↓↓↓
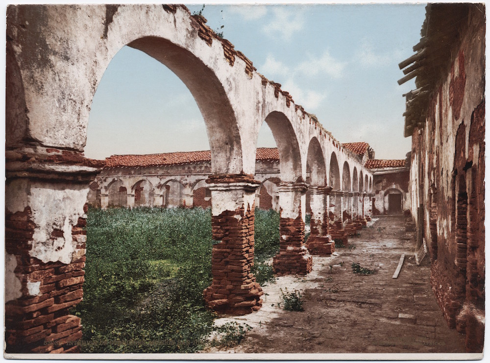 Interior of Corridors, Mission San Juan Capistrano, 1906.
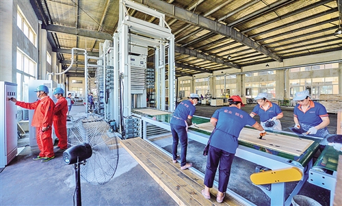 浙江湖州市南潯區一家木地板企業的工人使用“電能替代”改造后的熱壓機加工木地板。 新華社記者 徐 昱攝
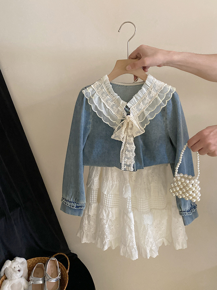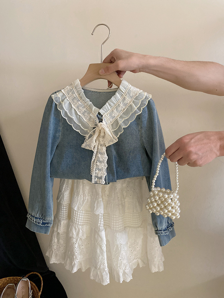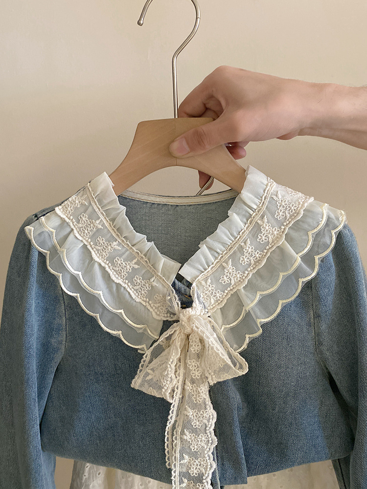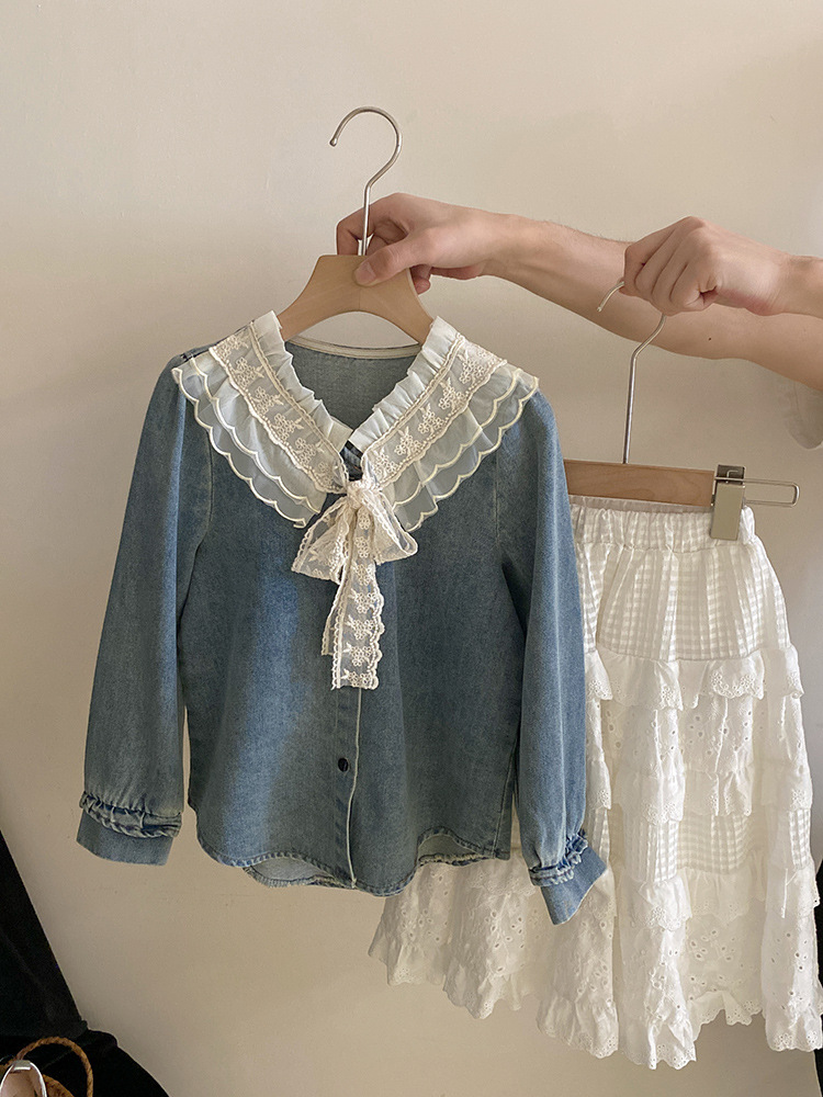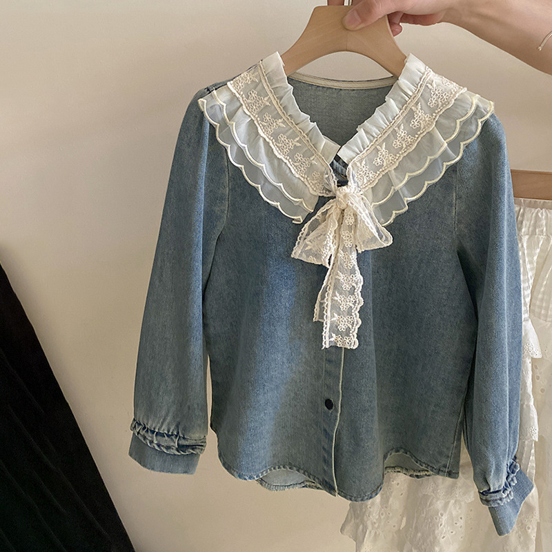 세련된 V-Neck 레이스 레이스 레트로 데님 셔츠 내부 탑 소녀 느슨한 디자인 감각 틈새 봄스토어 가기
↑↑↑
### TASK OBJECTIVE:
Repeat all the material exactly, but keep pictures out of the copy.

### SOLUTION TO THE PROBLEM:
 Interior of Corridors, Mission San Juan Capistrano, 1906.
 浙江湖州市南潯區一家木地板企業的工人使用“電能替代”改造后的熱壓機加工木地板。 新華社記者 徐 昱攝
 세련된 V-Neck 레이스 레이스 레트로 데님 셔츠 내부 탑 소녀 느슨한 디자인 감각 틈새 봄스토어 가기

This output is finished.